2. Performance of Services.
(a) During the Employment Period, Employee agrees to
perform faithfully the duties assigned to him by the
Company, to devote his full and undivided business time,
attention, and services to the business of the Company and
not to engage in any other substantial business
activities; provided, however, that nothing herein shall
restrict Employee from conducting other business that does
not conflict with his obligations under the terms of this
Agreement.
(b) All duties hereunder shall be rendered in Placer
County, California, and Washoe County, Nevada, on a
temporary basis, at such other places as the interests,
needs, business, and opportunities of the Company shall
require; provided, however, that (i) Company shall pay all
reasonable expenses incurred by Employee as a result of
such temporary duties, and (ii) Employee shall not be
required to relocate his residence without the prior
written mutual consent of the Company and Employee.
(c) Employee shall observe and comply with the
commercially reasonable rules and regulations of the
Company respecting its business and shall carry out and
perform such commercially reasonable orders, directions,
and policies of the Company as they may be from time to
time communicated to Employee either orally or in writing.

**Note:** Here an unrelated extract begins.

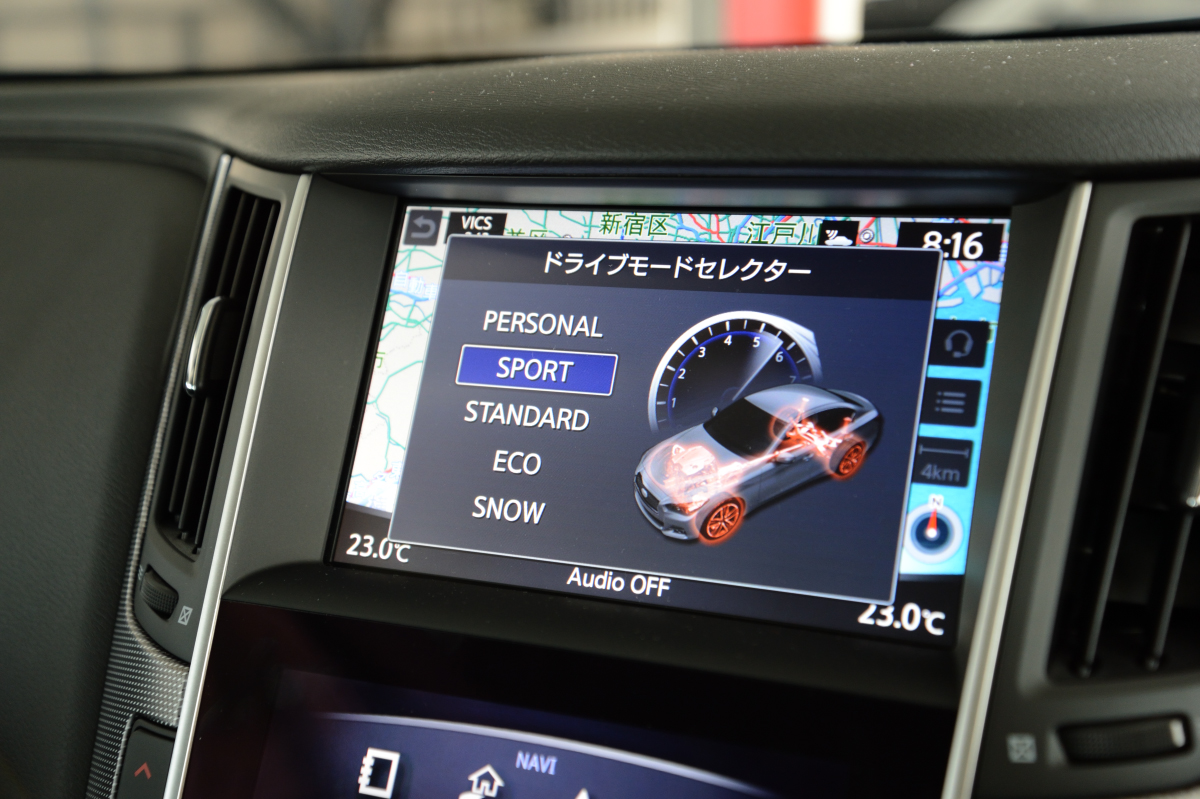 また、DASもスカイラインらしい挑戦だと思えば、十分に受け入れたくなるテクノロジーだと思います。通常モードでは“バイ・ワイヤ”です、といわれなければ気づかないステアリングフィールにも感心しますが、ドライブモードセレクターをスポーツに切り換えれば明らかにクイックな反応を体感できるのも、DASならではといえるでしょう。何より、このDASは、設定した速度をキープしながら先行車との車間距離を保つ“インテリジェントクルーズコントロール”、高速走行時の直進性を向上させる“アクティブレーンコントロール”と併用することで、わだちの多い高速道路でも自働的に制御され、ドライバーの負担を大きく軽減してくれます。つまり、グランドツアラーとしての本質に磨きを掛けようという、開発陣の意図が最も現れている装備かもしれません。

Employee shall give precedence to all applicable rules,
regulations, and laws governing the business of the
Company known to Employee.
3. Exclusivity of Services and Nondisclosure of
Confidential Information.
(a) Employee agrees that for a period ending one (1)
year after the termination of the Employment Period, or
for a period ending two (2) years after the termination of
the Employment Period if the Company continues to pay
Employee's salary as of termination during said period of
one (1) year, he will not:
(i) engage in any activity competitive with the
business of the Company or any of its affiliates, directly
or indirectly, in the market defined in subparagraph 3(c),
whether as employer, proprietary owner, partner,
stockholder (other than the holder of less than five
percent (5%) of the stock of an entity, the securities of
which are traded on a national securities exchange or in
the over-the-counter market), director, officer, employee,
consultant, or agent;
(ii) solicit, in competition with the Company, any
person who is a customer of the business conducted by the
Company at the date hereof or a customer of the business
conducted by the Company at any time during the Employment
Period; and
(iii) induce or attempt to persuade any employee
of the Company to terminate his or her employment
relationship in order to enter into employment with any
party in competition with the Company.
(b) Employee further agrees that he will not, at any
time during the Employment Period or at any time after the
termination of this Agreement, irrespective of the time,
manner, or cause of termination, use in a competitive way
against the Company during the non-compete period of
subparagraph 3(a), disclose, copy, or assist any other
person or firm in the use, disclosure, or copying of any
trade secrets or other confidential proprietary
information of the Company, except to the extent
authorized in writing by the Company. Upon termination of
his employment hereunder, Employee will surrender to the
Company all records and other documents obtained by him or
entrusted to him during the course of his employment by
the Company (together with all copies thereof); provided,
however, that Employee may retain copies of such documents
as are necessary for Employee's personal records for
income tax purposes. For purposes of this subparagraph
3(b), proprietary information about the business of the
Company shall be treated as confidential until it has been
published or is generally or publicly known outside the
Company or has been recognized as standard practice
outside the Company or has been required by law to be
disclosed or has been lawfully received by Employee from a
third party not obligated to keep such information
confidential. The provisions of this paragraph 3(b) shall
remain in effect for a period of three (3) years
subsequent to the termination of the Employment Period.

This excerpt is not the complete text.